**Data extracted from a collection:**

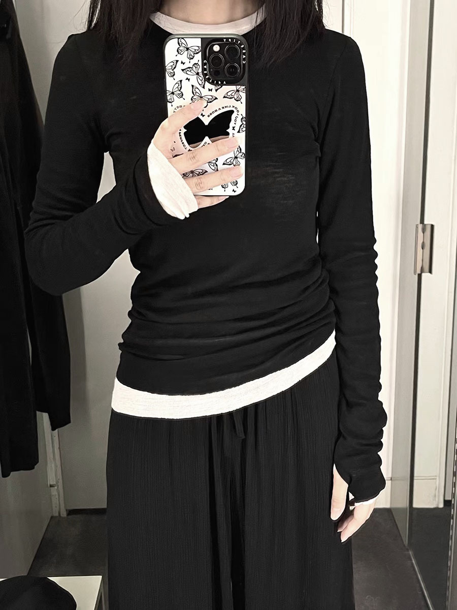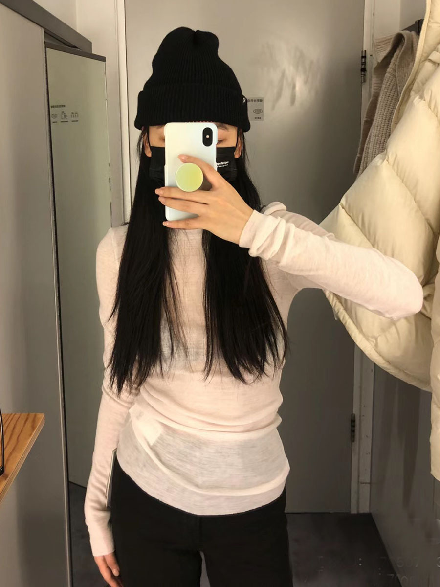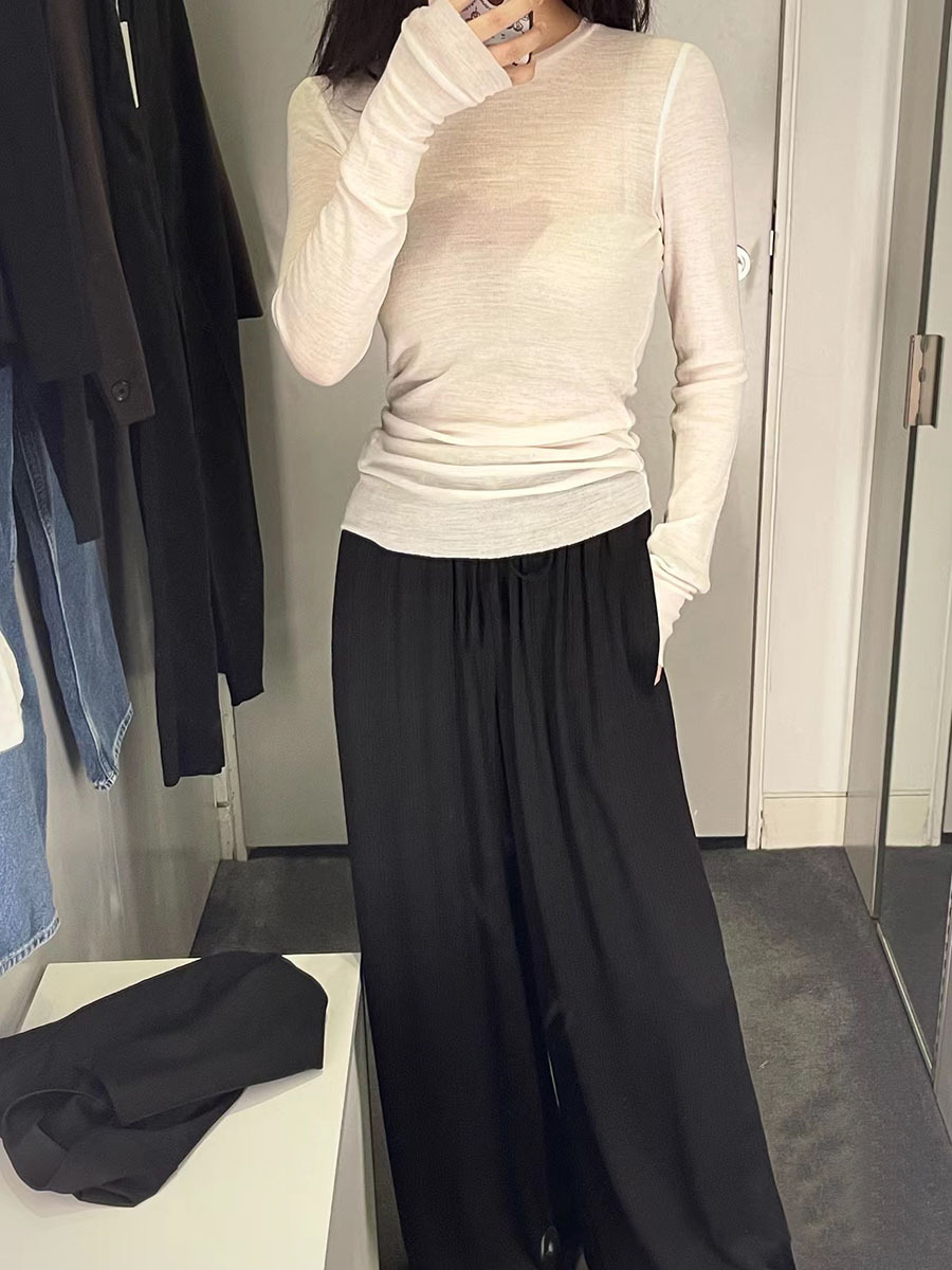 | nameOriginal | Closed Eyes Tencel acetate long-sleeved T-shirt evergreen basic stacked slightly transparent bottoming shirt |
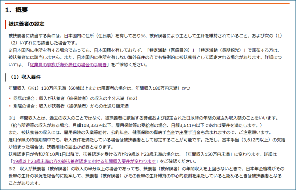 - 年間収入は過去の収入ではなく、被扶養者に入れる時点以降の年間の見込み収入額のことをいう
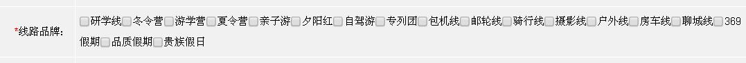(3)線路品牌:可多選。 (線路品牌有嚴格的限制,比如攝影和戶外線,這個是需要專業(yè)領隊帶隊的,再,包機線路,必須是包機線路才可以,不是所有的飛機團都是包機;線路必須定位準確,客戶才能最短時間找到哦。這個選項不是必選的,常規(guī)的行程可以選擇后面三個 369假期,品質假期,貴族假日 其中一個 分別代表公司產品低端 中端 高端 的分類)
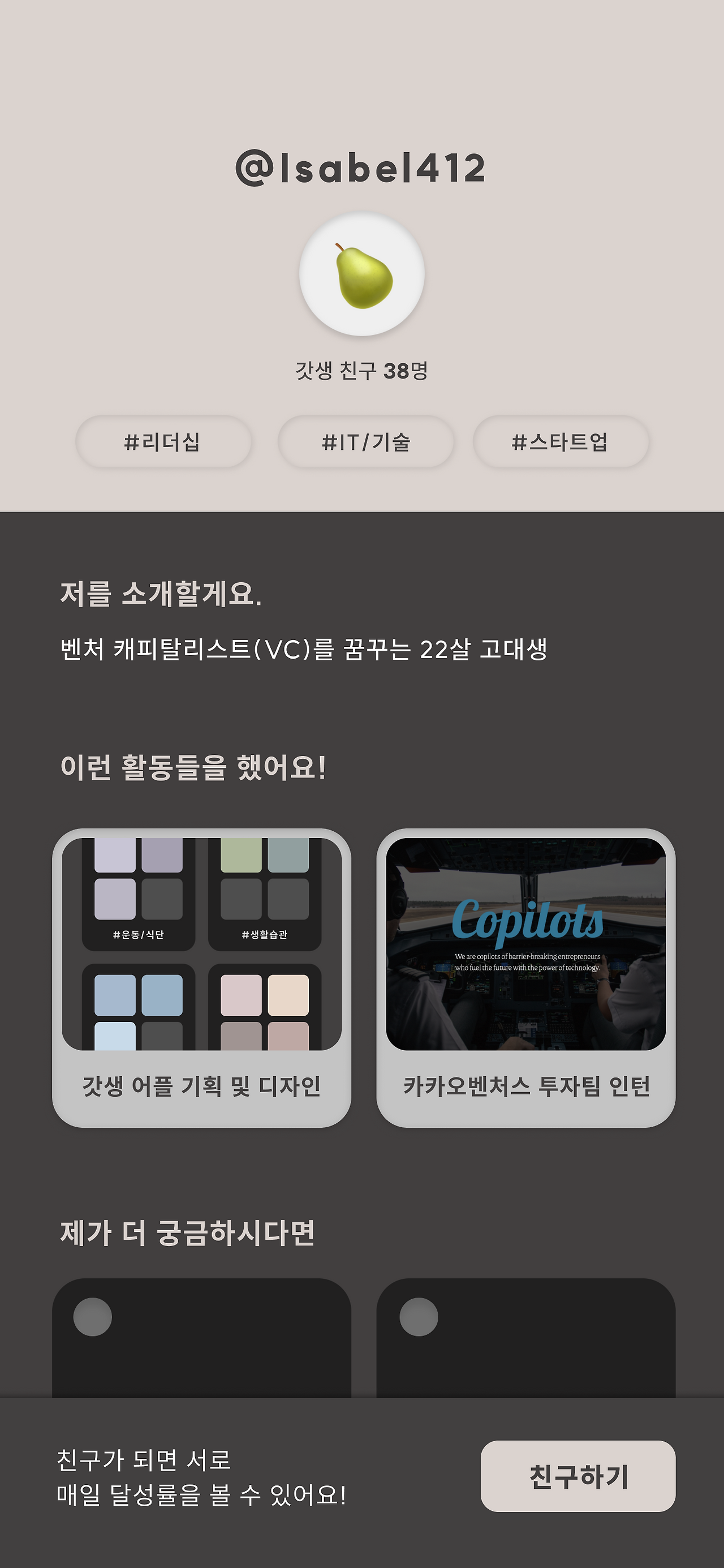 당시 만들었던 프로토타입 화면들 중 일부이다. 프로토타입을 위한 기본 상세 화면들은 모두 완료하고, 기획 자료들과 디자인한 화면으로 갓생 프로덕트 합류에 대한 개발자 예상 수요도 조사한 상황이었다. 하지만 우리는 20명 남짓한 잠재 고객들과의 대면 피드백을 통해 갓생의 한계를 강하게 실감했다.
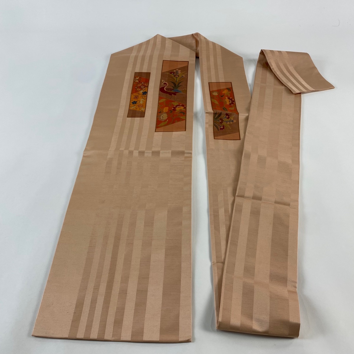 | 名古屋帯 秀品 紬地 短冊 花鳥 薄ピンク 正絹 【中古】 |
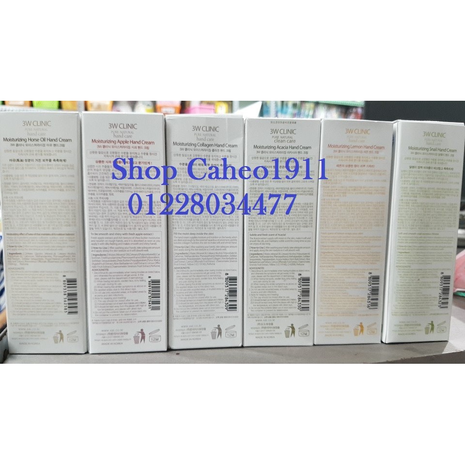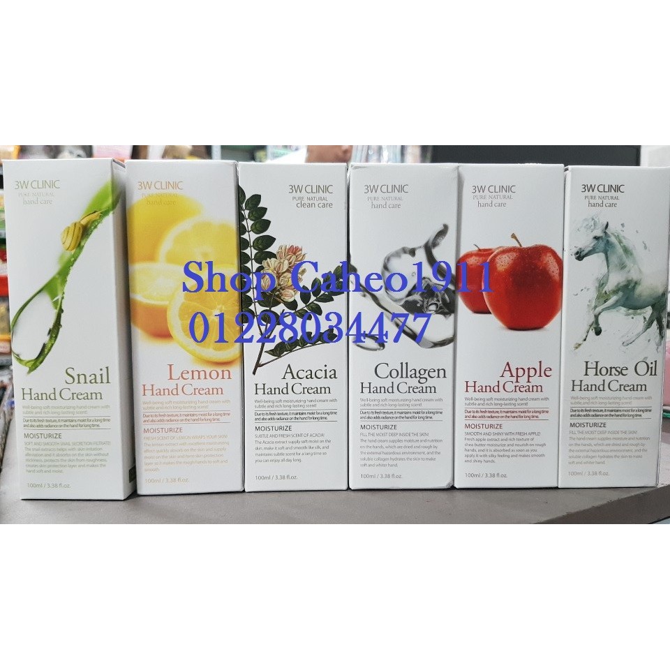 Kem dưỡng da tay 3w clinic Xuất xứ : Hàn quốc ---- ✔️ Mô tả - Chiết xuất từ Ốc Sên, nha đam, olive, lemon có chứa các thành phần cần thiết tương tự như : thành phần của da, khoáng chất thiên nhiên, chiết xuất thảo dược thiên nhiên và công thức thấm sâu giúp dưỡng ẩm và cung cấp độ đàn hồi cho da, làm da trắng sáng, giảm sắc tố làm sạm da và các vết nhăn trên da, bảo vệ làn da của bàn tay bạn từ các tác hại của môi trường bên ngoài. Cho bạn làn da khỏe mạnh, mềm mại và trắng sáng. ✔️ Cách sử dụng : rửa sạch tay, thoa một lượng kem vừa đủ và mát xa nhẹ nhàng để da hấp thụ kem một cách tốt nhất. Các bạn muốn lấy loại nào thì note mình nhé. CHƯƠNG TRÌNH TÍCH ĐIỂM : khi bạn có 10 đánh giá sẽ được giảm giá 10% cho lần mua thứ 11 ( tối đa 50k) vui lòng liên hệ shop nếu có thắc mắc. #caheo1911 #www.facebook.com/Shop-Cá-Heo-222834194833528/ #259PhanAnhpBinhTriDongqBinhTanTpHCMdt01228034477Huong
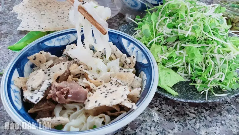 Thực khách ghé các quán mì quảng dọc Quốc lộ 1A đoạn Bình Tú, gọi một tô mì chỉ từ ba mươi ngàn đủ “combo” gồm bánh tráng mè nướng giòn bẻ kêu rôm rốp, lõi chuối cây thái mỏng trộn với các loại rau cải con, xà lách cùng chén nước mắm, tương ớt đậm đà. Trên mì rắc những hạt đậu phộng rang vàng óng ả, thơm nồng nàn.
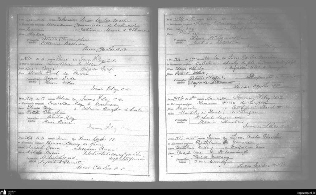 Ballinameen; County of Roscommon; Diocese of Elphin. Marriages, Feb. 1874 to Jan. 1875
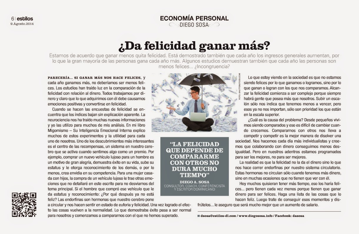 Cuando se hacen las encuestas de felicidad se encuentra que los índices bajan sin explicación aparente. La neurociencia nos ha traído muchas nuevas informaciones y yo las utilizo para muchos de mis análisis. En mi libro Migomismo – Su Inteligencia Emocional Interna explico muchos de estos experimentos y la utilidad para cada uno de nosotros.
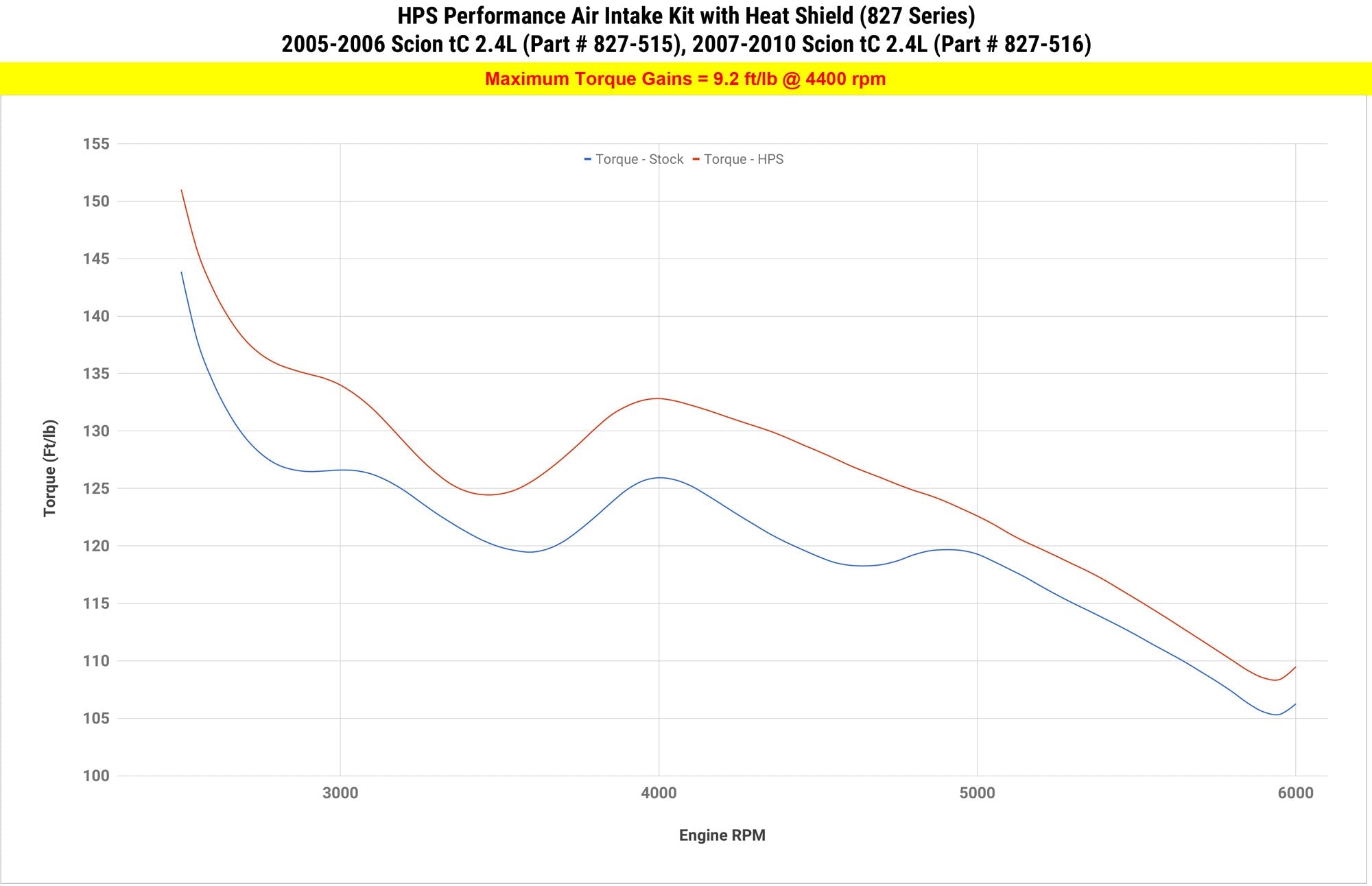 The All-New HPS Performance 827 Series Air Intake Kit (Part # 827-516) for 2007-2010 Scion tC 2.4L offers a free-flowing 3 inch mandrel-bent aluminum tube induction system designed to produce dyno proven performance gains - increase horsepower +7.9 whp , torque +9.2 ft/lbs and improve throttle response while maintaining safe air fuel ratio. The heavy duty powder coated steel heat shield blocks hot air from the air filter for the best cooling effect. The included installation manual has clear pictures and instructions to guide the installer throughout the whole process. The kit does NOT require tuning and does not trigger CEL light. No modification is required during the installation. HPS light weight mandrel-bent aluminum alloy tube replaces the stock restrictive air box and optimizes the airflow with excellent heat dissipation and long lasting durability. HPS Performance 827 Series air intake kit features race proven reinforced silicone hoses and industrial grade 100% stainless steel T-bolt clamps which ensures reliability, even during the most extreme driving conditions. The All-New HPS Performance Air Filter is designed with performance in mind, delivering excellent filtration without sacrificing airflow. All HPS Performance Air Filters are made in the United States.
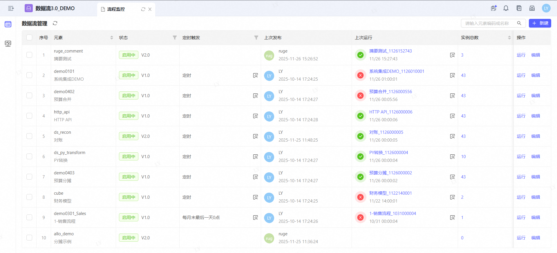 流程概览:以表头样式展示数据流实例的相关信息,右侧提供按钮

**What you have to do:** Return the lines above from the one with "당시 만들었던 프로토타입" through the one with "薄ピンク 正絹 【中古】 |", verbatim and nothing else. Omit every picture.

**Solution for this exercise:**
 당시 만들었던 프로토타입 화면들 중 일부이다. 프로토타입을 위한 기본 상세 화면들은 모두 완료하고, 기획 자료들과 디자인한 화면으로 갓생 프로덕트 합류에 대한 개발자 예상 수요도 조사한 상황이었다. 하지만 우리는 20명 남짓한 잠재 고객들과의 대면 피드백을 통해 갓생의 한계를 강하게 실감했다.
 | 名古屋帯 秀品 紬地 短冊 花鳥 薄ピンク 正絹 【中古】 |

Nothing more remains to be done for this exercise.